UMCA has a website (www.missouri.edu/UMCA) under construction. In the near future, the site will list the Center's mission, personnel, research activities, references to temperate agroforestry and other agroforestry links. A special section will be devoted to landowners who are practicing agroforestry. An interactive map of the state of Missouri will show a landowner's location and when clicked, the site will provide a photo of the type of agroforestry being practiced and information on how to contact that particular landowner.
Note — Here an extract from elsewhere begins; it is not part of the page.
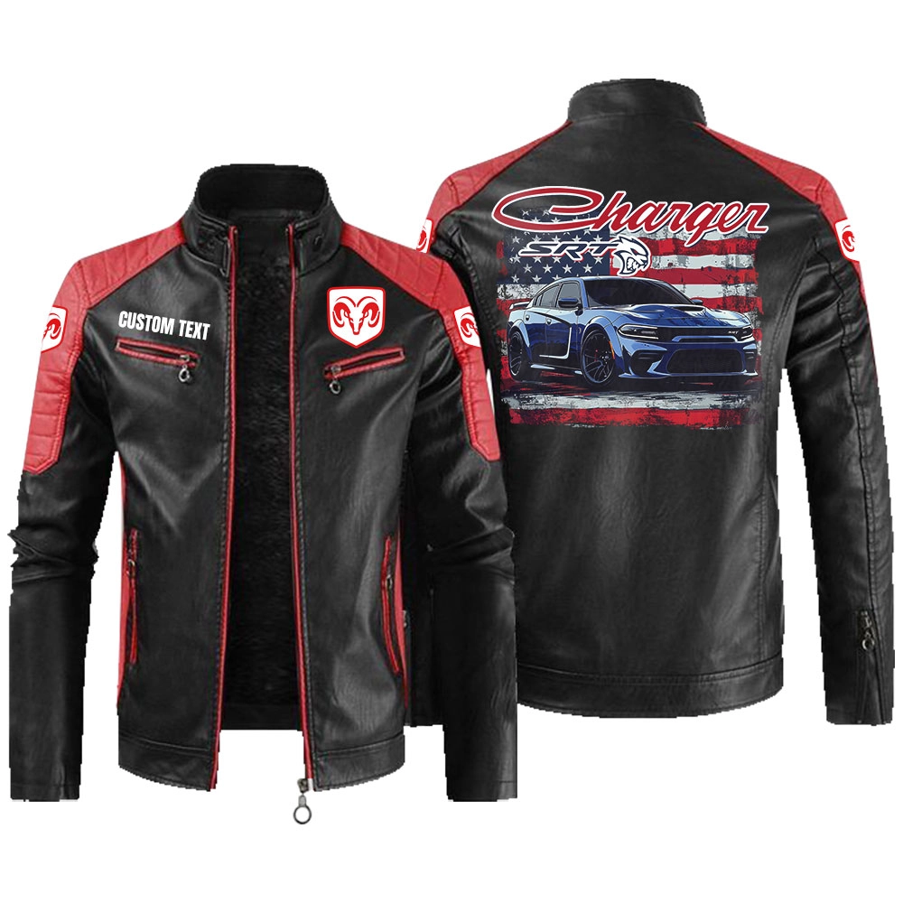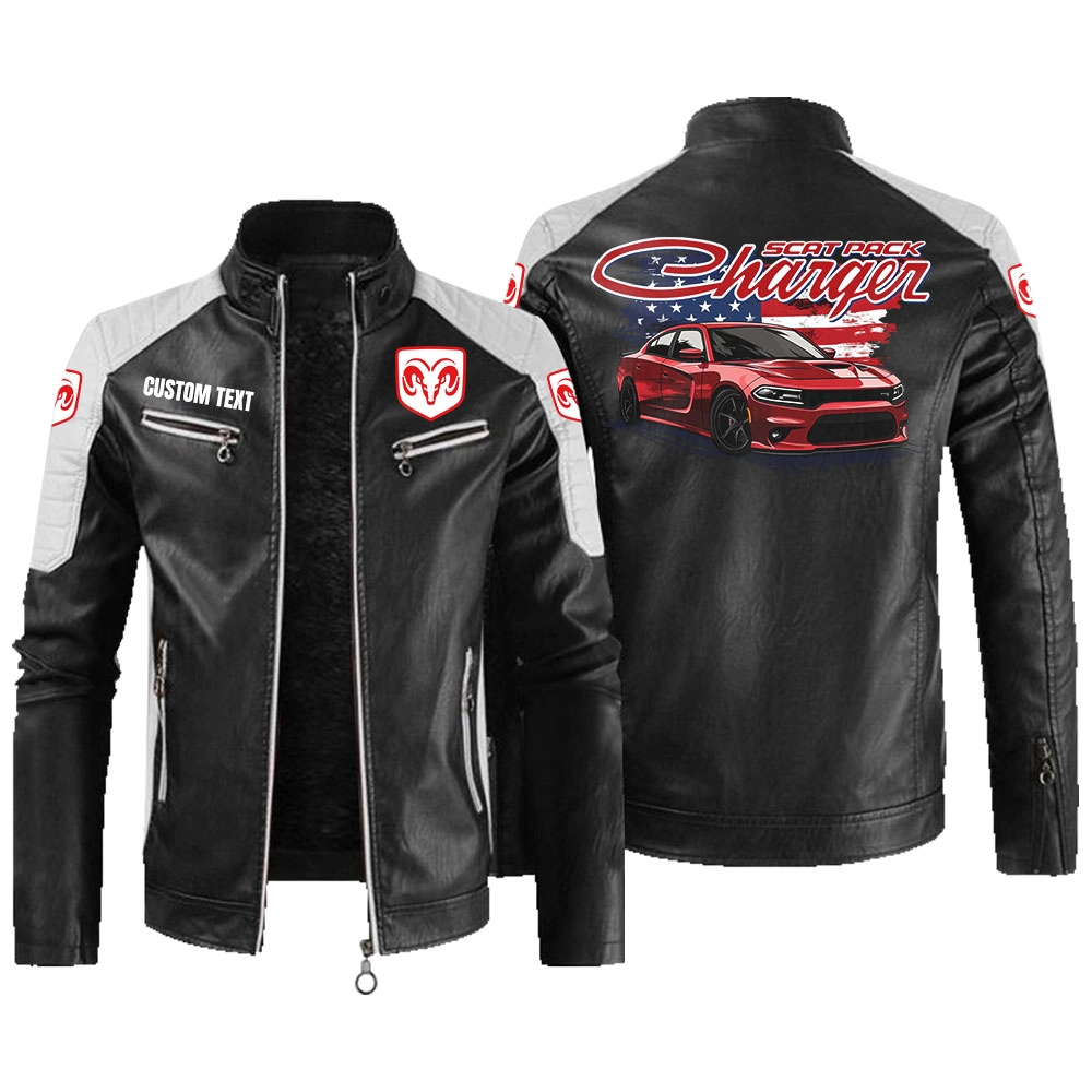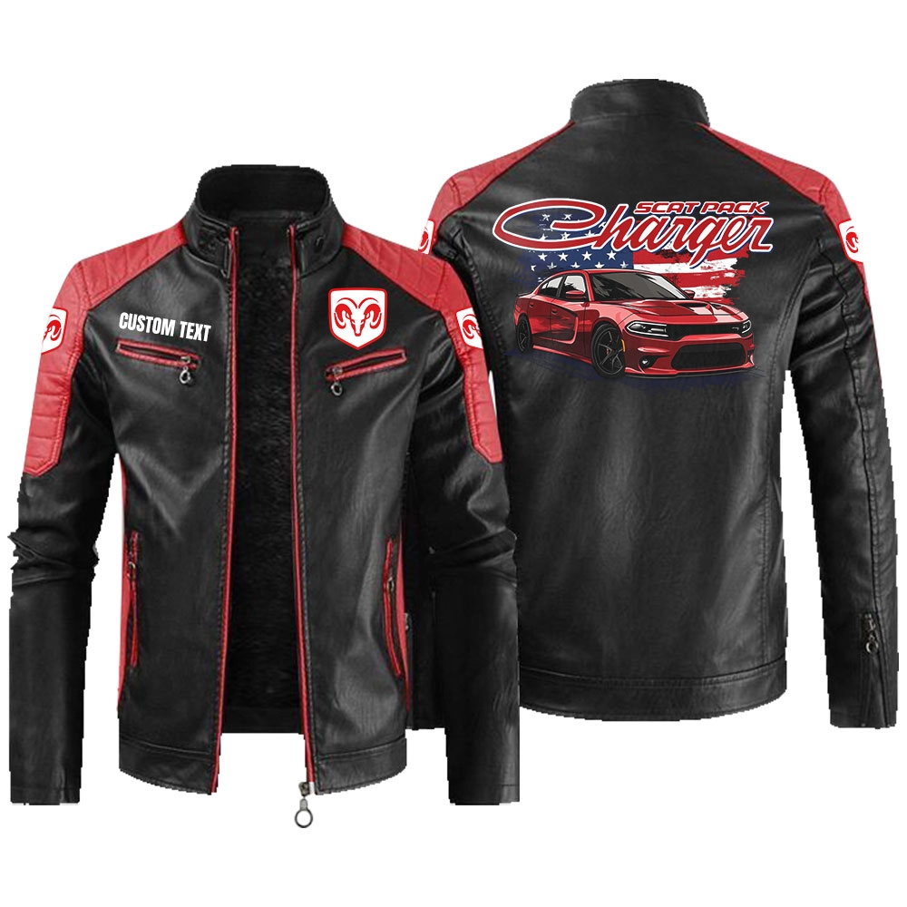 Dodge Charger Scat Pack Leather Biker Jacket Custom Name And Logo
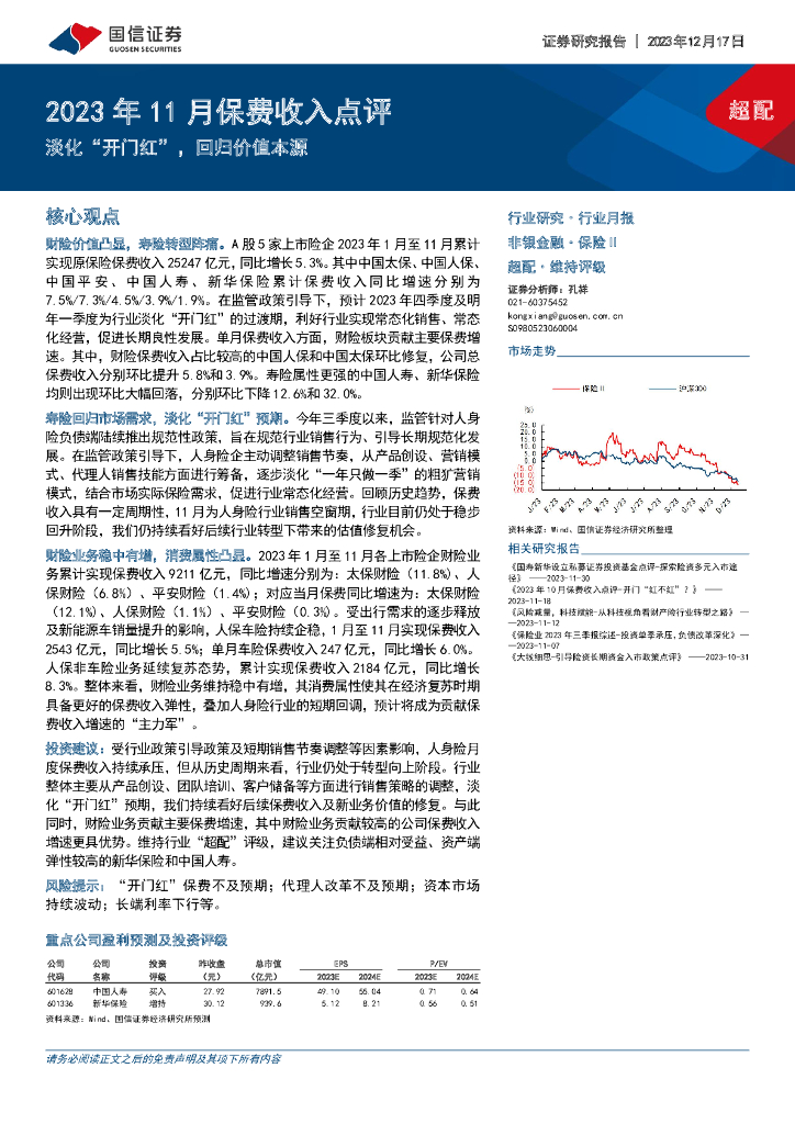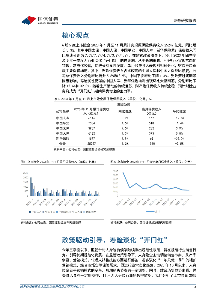 国信证券:2023年11月保费收入点评:淡化“开门红”,回归价值本源.pdf

It is estimated that well over 100 landowners are practicing agroforestry in the state of Missour, with all five temperate agroforestry practices represented. More traditional alley cropping practices vary from black walnut (Juglans nigra L.), grown for nuts or timber and intercropped with soybeans, corn, forage or wheat, to oak (Quercus spp.) intercropped with hay. Less typical systems include medicinal plants such as ginseng (Panax quinquefolium L.) intercropped between the walnuts trees in the row with the alleys providing an additional crop; ginko (Ginkgo biloba L.) intercropped with purple coneflower (Echinacea purpurea (L.) Moench); and pecans (Carya spp.) intercropped with wildflowers which are grown for wildflower seed or eastern gamma grass (Tripsacum dactyloides). Silvopastoral practices include grazing cattle in a walnut-forage alley configuration, to a native pecan plantation sewn with legumes. Most silvopastoral practices are grazed using a management intensive grazing system. Riparian buffers, some of which are managed for wildlife and produce income from lease-hunting, have been planted with a variety of trees including hazelnut (Corylus spp.), tulip poplar (Liriodendron tulipifera L.), pecans or other flood tolerant species. Windbreaks are popular in the more northern areas of the state and have been established to protect cattle from harsh winter winds. Forest farming is also well establish primarily with herbaceous specialty crops such as ginseng and goldenseal (Hydrastis canadensis L.). Many landowners are willing to host field tours to demonstrate their agroforestry practices.